Helen is the bigger challenge.  On one hand, she wants to be healthy and knows we are right about processed foods.  Then somethings clicks over and she wants Oreos and pizza.......  So, I need to find a way to make it work.  I've been trying for years and coming up with nothing.  Plus all this darn ice/snow/freezing temps are getting to me...... haven't been to the gym in a month!

So another big part of my problem is alack of schedule and order.  I have kinda given up trying to have a routine and a clean house because it has felt like fighting a losing battle.  But I know I need to put on the big girl panties and be the adult, even if everyone hates me for it.  No more hitting the snooze bar and staying in bed until the last minute (because this cheats me out of time to take care of dishes and have a clean living room).  And an amazing thing happened yesterday.  I scrubbed the kitchen and my child commented on it and put all his dishes in the dishwasher!!!!!!

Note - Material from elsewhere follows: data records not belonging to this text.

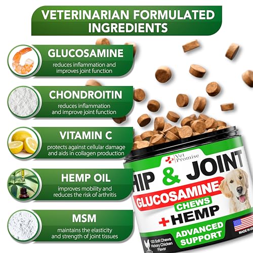 Vet Promise Hemp Hip and Joint Support Supplement for Dogs – Glucosamine for Dogs – Hemp Oil, MSM, Chondroitin – Support for Joint Pain Relief and Health – 120 Soft Chews – Made in USA
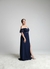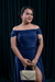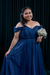 Navy Blue Off Shoulder Cross Wrap Bridesmaid Long Gown
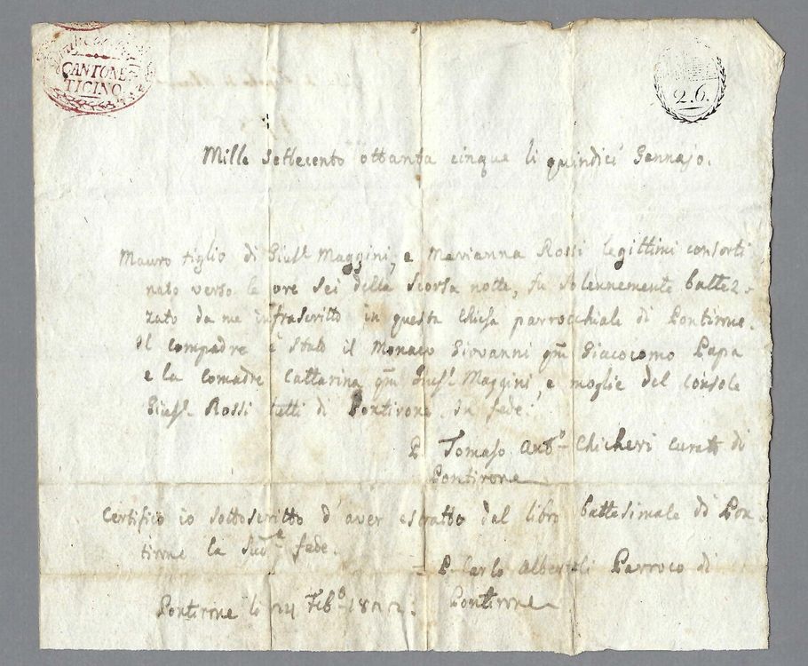 1784 1785 VAL PONTIRONE DUE DOCUMENTI NON COMUNE (Usato) a Pura per
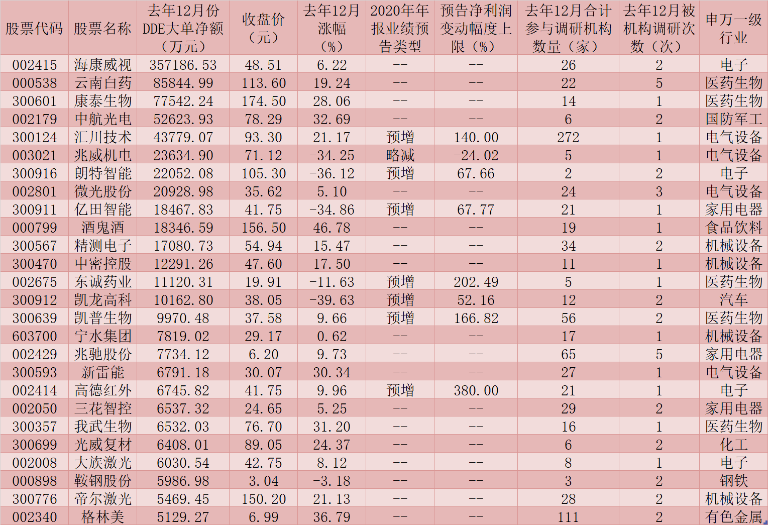 表:去年12月份獲超5000萬元以上大單資金布局的機(jī)構(gòu)調(diào)研股
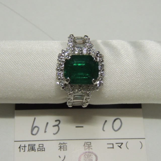 リング エメラルド コロンビア産 Pt900 10.60g 鑑 石目:3.46 1.40
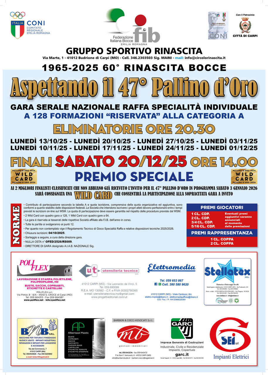 13/10/2025 - 20/12/2025- Bocciofila Rinascita - Aspettando il 47° Pallino d'Oro

And clutter- OH MY GOD, the CLUTTER!  I know you cannot organize clutter.  You end up just moving it around, but I have not been on top of it for some time now and it has taken on a life of its own.  Recently I painted Helen's room. When we did this,I packed up everything and took it from her room.  We only put back the things she wanted to keep.  I set up a 4 cube unit next to her bed to serve as a night stand and storage for her art and camera supplies.  I purchased a rolling cart for her lotions, perfumes, etc.  I organized her jewelry and clothes- I think I need to specialize in setting up functional spaces for the unfunctional, lol.  It has been so easy to keep clean.  The only room in the house, mind you, but got to start somewhere.